DATA SECTION
○ ○ ○

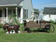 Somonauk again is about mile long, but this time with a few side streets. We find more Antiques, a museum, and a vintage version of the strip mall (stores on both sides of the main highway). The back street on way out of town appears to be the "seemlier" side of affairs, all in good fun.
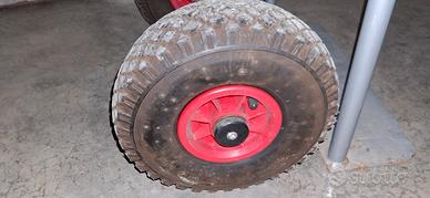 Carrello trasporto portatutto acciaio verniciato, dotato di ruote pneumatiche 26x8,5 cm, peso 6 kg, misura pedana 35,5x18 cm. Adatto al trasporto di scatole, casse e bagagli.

○ ○ ○

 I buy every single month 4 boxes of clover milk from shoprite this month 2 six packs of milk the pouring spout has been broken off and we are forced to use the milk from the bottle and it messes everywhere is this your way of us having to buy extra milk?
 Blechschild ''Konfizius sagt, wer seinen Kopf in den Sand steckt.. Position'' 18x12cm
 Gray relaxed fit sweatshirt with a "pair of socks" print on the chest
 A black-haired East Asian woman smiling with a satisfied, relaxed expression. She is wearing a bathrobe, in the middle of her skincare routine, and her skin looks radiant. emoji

○ ○ ○

After reading the records above, give the number of lines that include "relaxed", and add nothing else.

ANSWER TO THIS TASK
2